Thursday night, with his team trailing the Philadelphia Eagles 10-7 midway through the third quarter, Daniel Jones, the second year quarterback of the New York Giants, brought his team to the line of scrimmage for a first down play from the Giants own 12-yard line, 88 long yards from the promised land of the Philadelphia end zone. The call was for a play action pass, and the Eagles defense bit hard at the fake handoff. Jones then rolled to his right, and with virtually all the players in black uniforms otherwise occupied, saw nothing but green turf ahead. Covering 88 yards never looked so easy as it did in that moment. Jones took off, and once tight end Evan Engram blocked the sole Philadelphia defender still loitering in the area, it looked for all the world like he would sprint all the way to the end zone for a touchdown. On a night when the New York offense had done little, during a season in which the Giants have been woeful even by the sad standards of the NFC East, it had all the earmarks of a game-changing play.

But even as Joe Buck told the TV audience “he is gone,” Jones’s steps suddenly seemed out of synch. At the Philadelphia 30 he was visibly wobbling. At the 20 he tripped, as if stumbling over an invisible dangling shoelace. Jones went down at the 15, rolling forward to the 10 even as he tried to get up. But before he could rise one of the Eagles defenders who had been doing little more than getting some exercise by chasing Jones down the field managed to catch up to him and touch him down, eight yards short of a score.

Saturday night, with his team trailing the Los Angeles Dodgers 7-6, Randy Arozarena, the rookie outfielder turned playoff phenom for the Tampa Bay Rays, came to the plate with Kevin Kiermaier on first and two outs in the bottom of the 9th of World Series Game 4. Five innings earlier Arozarena had set a new major league record with his ninth homer of the playoffs, so Dodgers’ closer Kenley Jansen was understandably careful, eventually walking the Rays’ young hero. That brought up Brett Phillips, who promptly laced a line drive to short right-center. L.A.’s Chris Taylor charged the ball even as Kiermaier and Arozarena raced around the bases.

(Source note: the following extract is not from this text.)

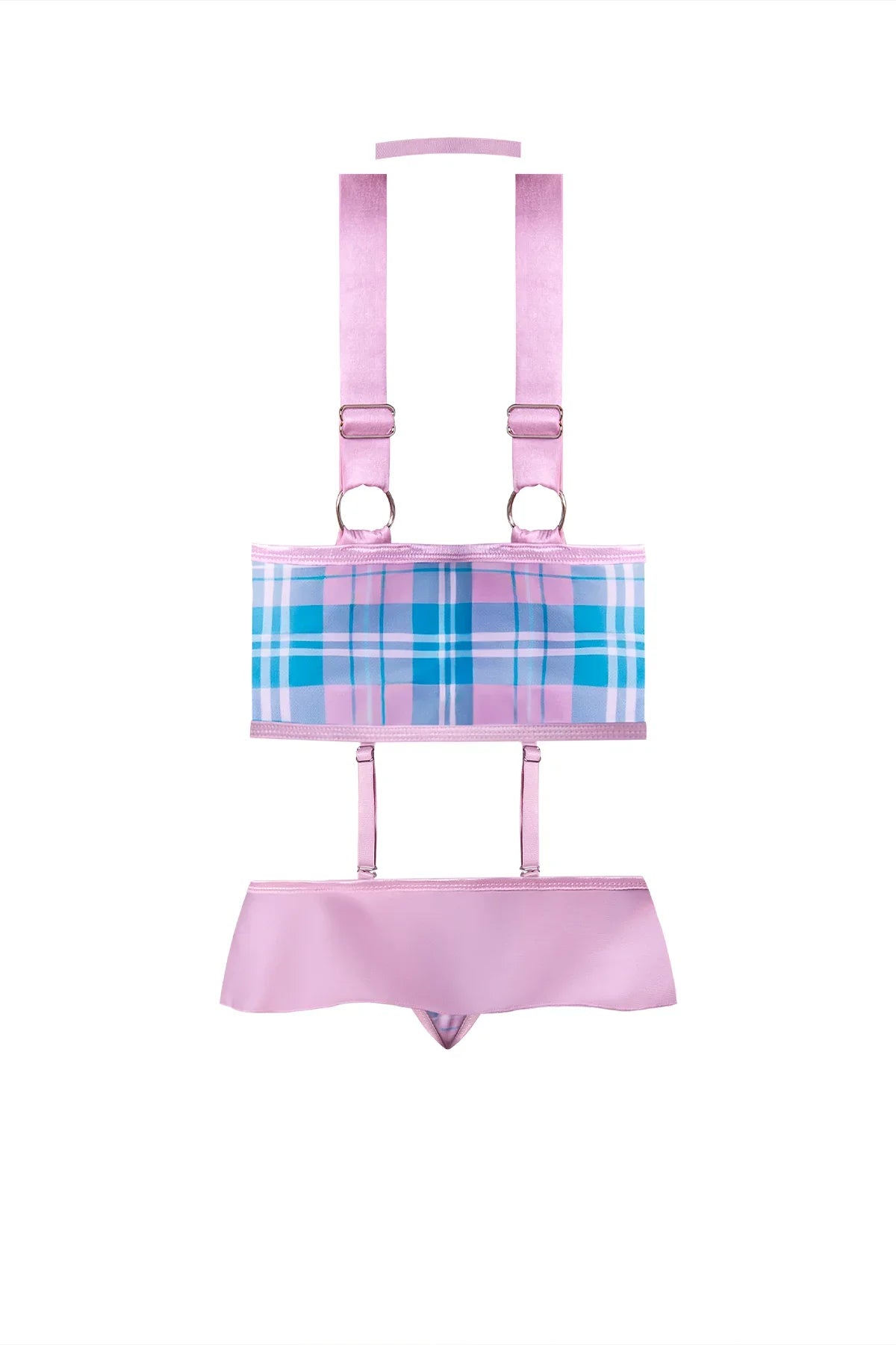 • Bring a touch of playful sophistication to your closet with the Nerdy Nympho Schoolgirl Role Play Costume from Exposed by Magic Silk, designed to captivate and charm. This delightful outfit features a plunging basque with adjustable straps, allowing for a customizable fit that enhances every figure. Paired with an ultra-cheeky panty that includes adjustable and detachable straps, this schoolgirl role play costume offers both versatility and allure. Made from a soft stretch jersey in a classic pink and blue plaid, this costume combines comfort with a timeless schoolgirl appeal. The addition of a tie-back necktie perfectly completes the ensemble, allowing you to fully embrace the fantasy with effortless style. Ideal for role play enthusiasts, this role play costume is crafted to stand out and add a fun twist to any wardrobe. Perfect for themed events, playful scenarios, or simply indulging in a bit of whimsy, the Nerdy Nympho Schoolgirl Role Play Costume is sure to be a fitting choice.

While it was shallow, the hit to the outfield probably would have scored the lead runner, but then Taylor failed to field it cleanly. In a game that Tampa Bay had to win to avoid falling into a very deep one-to-three deficit in the Series, suddenly a far more dramatic outcome loomed. Arozarena never broke stride, rounding third intent on scoring and giving Tampa Bay a walk-off win. But just as Jones had done forty-eight hours earlier, the baseball player couldn’t keep his feet underneath him. Arozarena went down, tumbling forward and seemingly doomed to become an easy third out, sending the contest to extra innings.

In the end, the immediate outcomes of both falls were all that fans of either the Giants or the Rays could want, despite the ill-timed imbalance of the two protagonists. While Jones’s run to glory came to an unexpected end on the Eagles’ 8-yard line, New York punched the ball in for a go-ahead TD four plays later. And with a mighty assist from the Dodgers defense, Arozarena was able to get up and stagger home when L.A. catcher Will Smith committed the second error of the play by mishandling the relay throw to home from Max Muncy, and pitcher Jansen was inexcusably out of position, not backing up his catcher.

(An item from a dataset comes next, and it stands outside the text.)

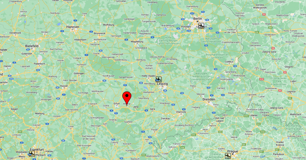 For those flying, as Weimar is almost equidistant between Berlin and Frankfurt, those are usually the best options of where to find flights to. Both have decent train connections. But be sure to use the main Frankfurt airport (FRA) as Frankfurt Hahn is one of those typical Ryanair middle of nowhere spots.

But that doesn’t mean the twin stumbles were treated the same. After the Giants went on to lose to the Eagles 22-21 thanks to a late game touchdown drive engineered by Philadelphia’s Carson Wentz, Jones’s inability to stay upright while running in the clear was picked on by pundits as symbolic of the hapless state into which the franchise has fallen. Despite the 80 yards Jones did manage to cover being the longest run from scrimmage by a NFL quarterback in five years, it seems certain that until some indeterminate time in a future season when the Giants are again relevant in the league’s standings, his pratfall will serve as a convenient reminder of all that is wrong with a team that has played just a single postseason contest in the nine seasons since its victory in Super Bowl XLVI.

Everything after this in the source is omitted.